Standard variety: Modern Standard Arabic (MSA)

  • All Arabs learn it at school (not from their parents, so it is not their native variety)
  • It is the lingua franca (common language) for the Arabic world, similar to English for Europeans. However, Arabs speak it more fluently since they are taught MSA from an early age.
  • MSA is more similar to some dialects (e.g., Levantine) but is vastly different from others (e.g., Moroccan Arabic).
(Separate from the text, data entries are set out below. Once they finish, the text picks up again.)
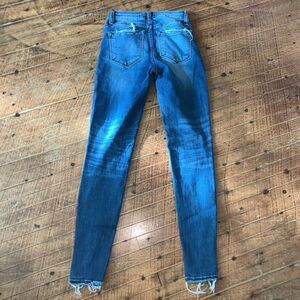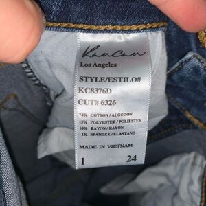 Kancan distressed, raw hem, stretchy, normcore, ankle jeans. Pairs well with a flowy top or button down top. Approximately 12 inches across the waist, 8.5 inch rise, and 28.5 inch rise. A spot on one leg. Overall, in good condition. From a pet and smoke free home.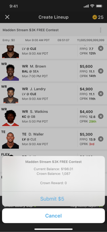 Moved deposit till after lineup submission. The user is now educated about the product, know where their money is going, and have understanding of how the contest/lineup process work. Now that the user knows all these things, we're in a better position to ask you to deposit money to enter this lineup into other contests.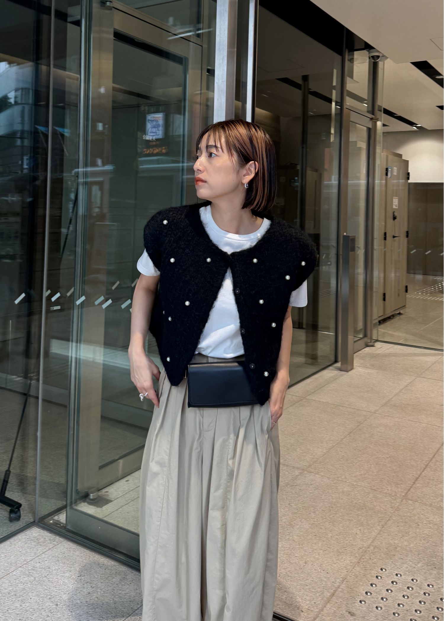 handmade random pearl knit vest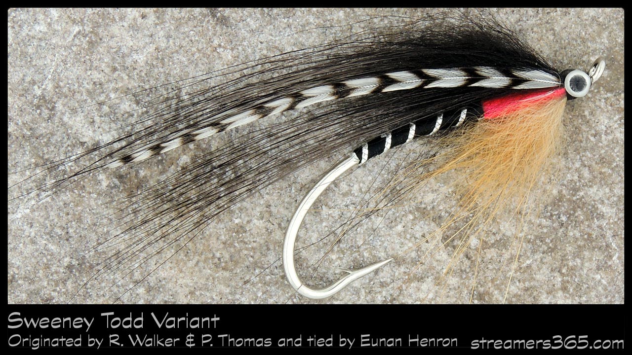 Notes: The original Sweeney Todd streamer was tied without eyes or the grizzly hackle in the wing, but the variant is a lively addition to an already convincing minnow imitation. Some versions of the streamer feature an extra long wing, twice the length of the hook. It is because of the bright magenta spot on the hook that the pattern does not suffer from the added length, giving predators a target to smack rather than nip at the tail end. See the video below for Davie McPhail's fly tying tutorial of the Sweeney Todd Variant.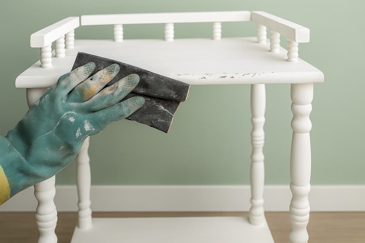 Cuando hemos terminado de darle la pintura, esperamos a que se seque y comenzamos a pasar la lija hasta que logremos el añejado a nuestro gusto.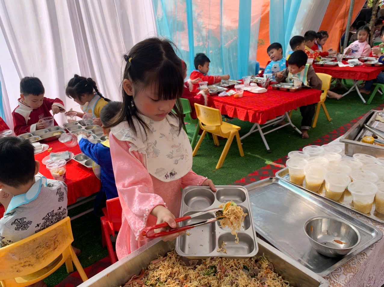 Hành trình trải nghiệm tiếp nối sang ngày thứ hai với một không gian ẩm thực đặc sắc: Đại tiệc Buffet đón Xuân. Các cô giáo đã khéo léo chuẩn bị một thực đơn phong phú, là sự giao thoa hoàn hảo giữa phong vị Tết cổ truyền và những món ăn hiện đại mà các bé yêu thích.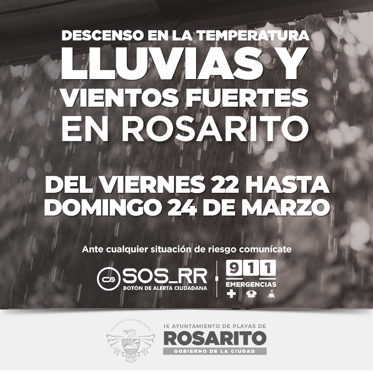Playas de Rosarito, BC., 21 de marzo de 2024. El Gobierno de la Ciudad informa a la comunidad que de acuerdo al pronóstico del Sistema Meteorológico Nacional (SMN), se espera un descenso en la temperatura, lluvias y vientos fuertes a partir del viernes 22 y hasta el domingo 24 del presente mes.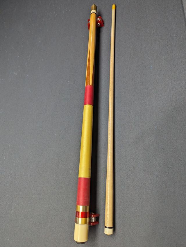 A fine, inexpensive cue featuring inlaid four-prong construction, hand fitted polished brass joint with black and white collars,dacron wrapping in your choice of 10 colors or color combinations, professional taper shaft with either screw on or permanent type ferrule fitted with either Champion or Blue Diamond tips.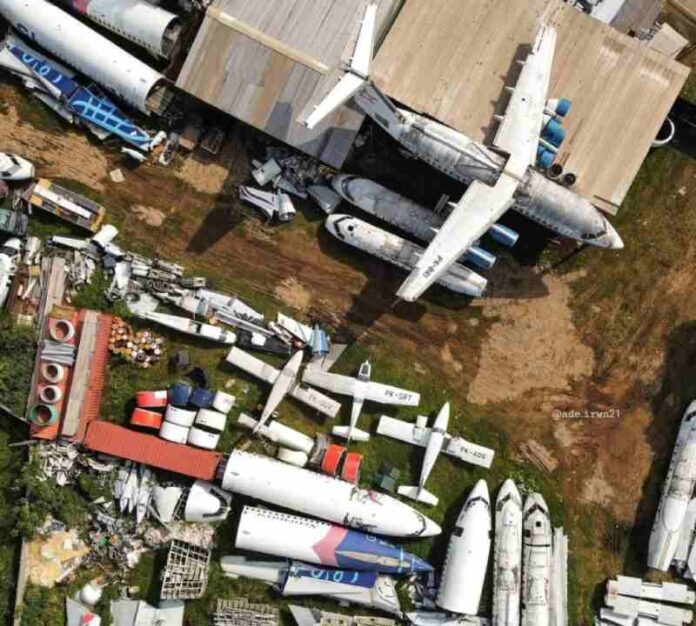 Menurut keterangan warga setempat, lahan yang ada awalnya ingin dijadikan restoran dengan konsep pesawat. Konsep ini tentu tidak asing di Indonesia terlebih dunia. Namun, entah kenapa restoran yang disebut-sebut itu tak kunjung dibangun. Sebaliknya, rongsokan pesawat terus-menerus datang sejak lahan tersebut disewakan ke seseorang pada tahun 2019.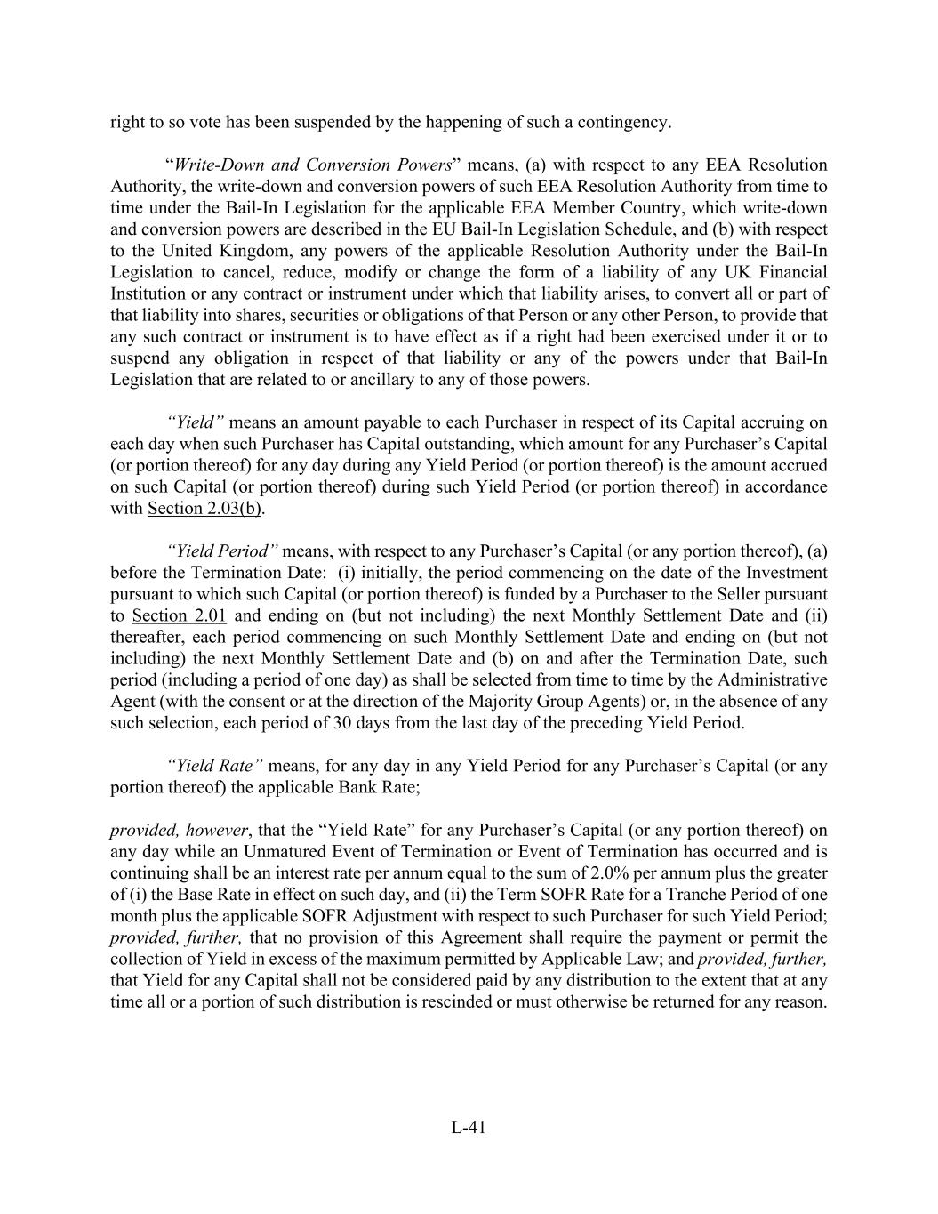 L-41的投票权因发生这样的突发事件而被暂停。“减记和转换权力”是指,(a)就任何EEA解决机构而言,此类EEA解决机构根据适用的EEA成员国的保释立法不时拥有的减记和转换权力,这些减记和转换权力在欧盟保释立法附表中有所描述,以及(b)就英国而言,根据保释立法,适用的解决机构有权取消、减少、修改或改变任何英国金融机构的负债形式或产生该负债的任何合同或文书,将该责任的全部或部分转换为该人或任何其他人的股份、证券或义务,规定任何该等合约或文书的效力犹如已根据该合约或文书行使一项权利一样,或中止与该责任有关的任何义务或与任何该等权力相关或附属的该保释立法下的任何权力。“收益率”是指当每一买方有未偿资本时,就其每天应计资本应付给每一买方的金额,该金额对于任何买方在任何收益期(或其部分)的任何一天的资本(或其部分)而言,是根据第2.03(b)节在该收益期(或其部分)应计资本(或其部分)的金额。“收益期”是指,就任何买方的资本(或其任何部分)而言,(a)在终止日期之前:(i)最初,自买方根据第2.01条向卖方提供该等资本(或其部分)所依据的投资日期开始并于(但不包括)下一个月结算日期结束的期间,以及(ii)此后,自该月结算日期开始并于(但不包括)下一个月结算日期结束的每一期间,以及(b)在终止日期及之后,由行政代理人(经同意或在多数群体代理人的指示下)不时选定的期间(包括一天的期间),或在没有任何此类选择的情况下,自上一个收益期的最后一天起每30天的期间。“收益率”是指,在任何买方资本(或其任何部分)的任何收益期内的任何一天,适用的银行利率;但条件是,在未到期的终止事件或终止事件已经发生并正在持续的任何一天,任何买方资本(或其任何部分)的“收益率”应为年利率等于每年2.0%的总和加上(i)在该日有效的基准利率中的较高者,(ii)为期一个月的分割期的定期SOFR利率加上该买方在该收益期的适用SOFR调整;此外,本协议的任何条款均不得要求支付或允许收取超过适用法律允许的最高收益;此外,条件是,任何资本的收益不得被视为通过任何分配支付,只要在任何时候该分配的全部或部分已被撤销或必须以其他方式因任何理由而被退回。

Therefore, if you speak only MSA, you might understand Levantine slightly but not Moroccan.

Data acquisition

AUDIO (used for LID and STT training): MSA is used in formal speaking situations such as sermons, lectures, news broadcasts, and speeches.

  • It is quite difficult/impossible to find recordings of spontaneous phone conversations in MSA.
  • Available MSA recordings are usually from broadcasts (microphone) or formal scripted speeches (also microphone).
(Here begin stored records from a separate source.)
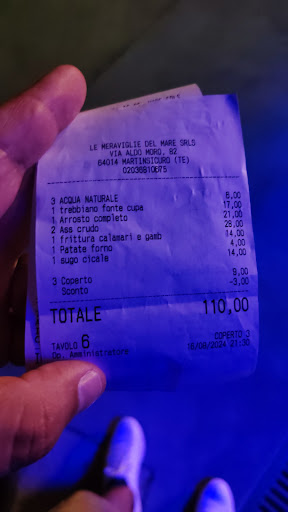 Read moreLe meraviglie del mare e gli orrori del servizio. Ordiniamo due assaggi di crudo ( 5 pezzi diversi), ne arrivano in totale 8. Lo segnaliamo. Dopo più di mezz'ora arriva la portata principale, una grigliata e un primo per mia moglie: "le patate arrivano". Arriva un altro cameriere chiedendo se era per noi un altro crudo ma sto già mangiando la grigliata e in realtà sto aspettando le patate e mia moglie sta mangiando il primo. Poi mi dicono che ce lo manda il cameriere a cui abbiamo segnalato il problema sulla ti pasto. . Dopo un quarto d'ora le patate non sono ancora arrivate mi alzo e vado a pagare: 3 acque invece di due. Meno male mia figlia ha preso solo il fritto ed é arrivato con gli antipasti e quindi ha mangiato in tempi ragionevoli. Al momento di pagare mi chiedono se voglio un caffè o un amaro ma è l'ultima sera della vacanza e volevo concluderà diversamente voglio solo andare via; ringrazio e pago. Il primo cameriere mi chiede come è andata e dopo avergli detto che le patate non sono mai arrivate e he ho pagato un acqua in più dice alla cassiera : dagli 10 euro. Mai più. 2 stelle perché il pesce é buono,...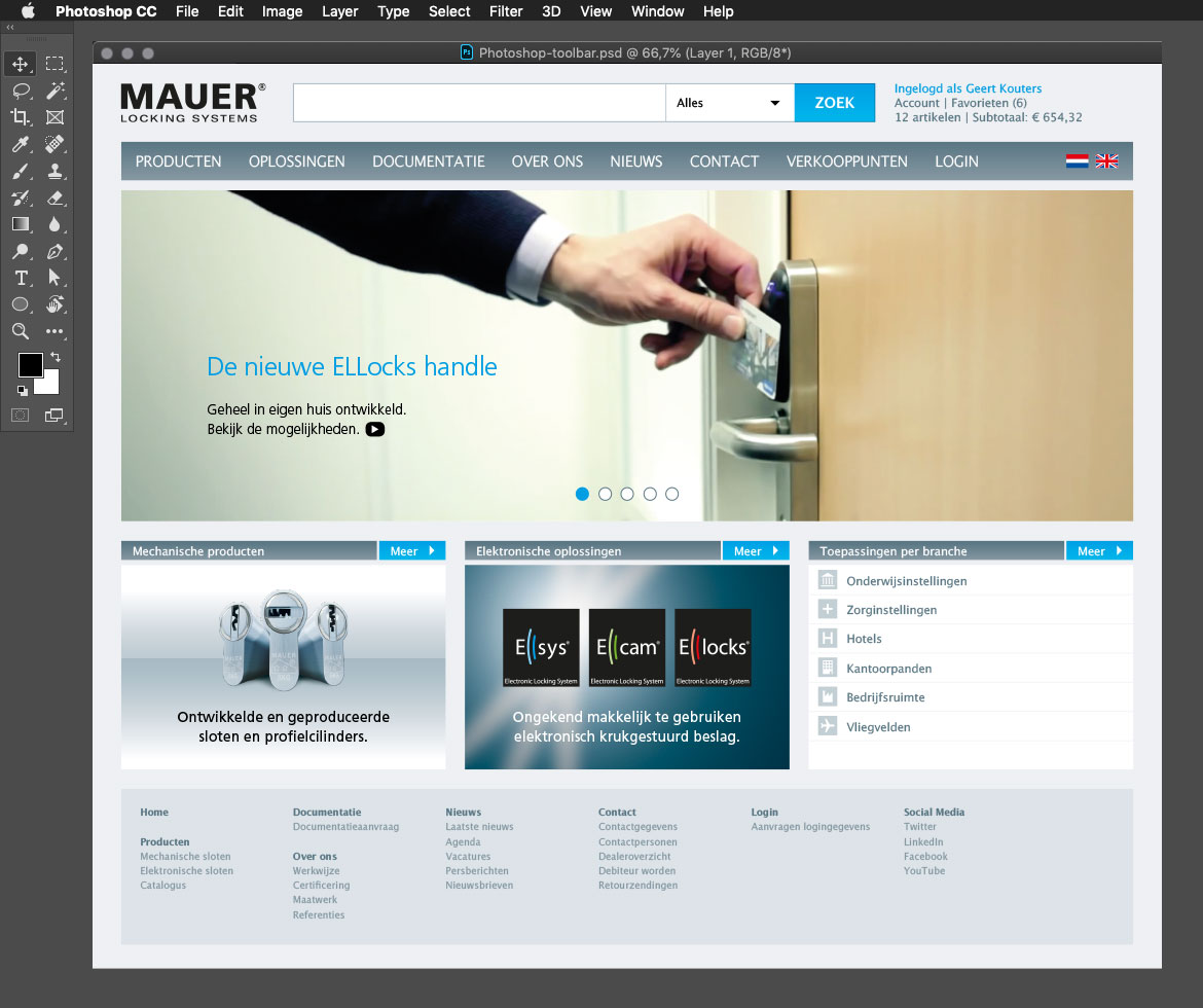 Ten tweede zit je als ontwerper op het snijvlak van de klant en de programmeur. De ontwerpen die ik maak moeten mijn klant een beeld geven hoe de site er uit gaat zien, navigeert of ’voelt’ en na akkoord moet ik de bestanden aanleveren bij mijn technische man die er ook daadwerkelijk een werkende website van moet kunnen bouwen. Het bestand dat ik maak moet dus makkelijk bewerkbaar zijn om aanpassingen van de klant door te voeren en bruikbaar zijn voor de bouwer die er de layout, kleuren, fonts en afbeeldingen uit kan halen om het om te zetten naar html, css, jpg’s, svg’s etc.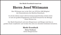 Der Markt Essenbach trauert um Herrn Josef Wittmann Herr Wittmann war in der Zeit von 1978 bis 1990 Mitglied des Gemeinderates des Marktes Essenbach. In all den Jahren seiner aktiven kommunalpolitischen Arbeit setzte er sich mit großem Engagement und Sachverstand für die Belange seiner Heimat ein. Der Markt Essenbach und seine Bürgerinnen und Bürger sind ihm zu großem Dank verpflichtet und werden ihm stets ein ehrendes Gedenken bewahren. Markt Essenbach Dieter Neubauer Erster Bürgermeister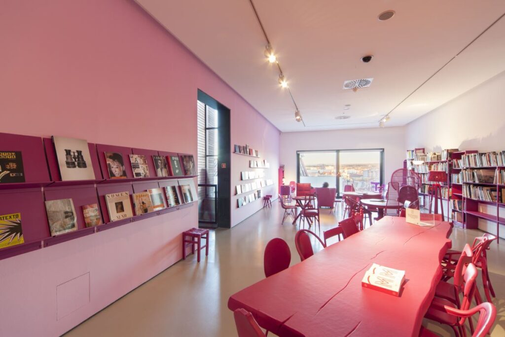 En 2014 nace LECTO de la mano del diseñador burgalés Ricardo Páramo, quien planteó para este espacio mesas y sillas diferentes entre sí, a las que dotaba de un carácter unificador gracias a un color rosa fucsia que lo impregnaba todo y que con el paso del tiempo se ha convertido en seña de identidad del CAB.

TEXT (used for STT language model training): MSA is used in all formal writing, such as official correspondence, literature, newspapers, and websites.

  • There is no issue accumulating a large amount of text, but it will be more formal and not reflective of spontaneous speech.

Support for MSA in Phonexia products

NameLID L4STTDescription
Arabic (MSA)arbModern Standard Arabic, official language in most countries of the Arab world

Non-standard varieties: Arabic dialects

  • Dialects are native regional varieties in the Arab world.
  • They are used in all spontaneous contexts (friends, family) and in more formal environments (work, businesses), meaning dialects are used in all daily life situations, making them more relevant to our customers.
  • Depending on the criteria for classifying dialects, there are between 10 and 30 Arabic dialects:

arabic_dialects

Arabic dialects (image source: Wikipedia)

  • There is no standard norm for writing; speakers have two options:
    • Use MSA for writing something more formal.
    • Use a dialect for more personal communication, like on Facebook, Twitter, or forums.

Data acquisition

AUDIO (used for LID and STT acoustic model training):

  • There is no difficulty in collecting spontaneous speech in dialects.
  • However, it can be challenging to create annotations for STT training—dialect speakers write words as they hear them, but due to the lack of a standardized writing system, different speakers may write words differently. Therefore, annotations in dialect need to be double-checked and unified.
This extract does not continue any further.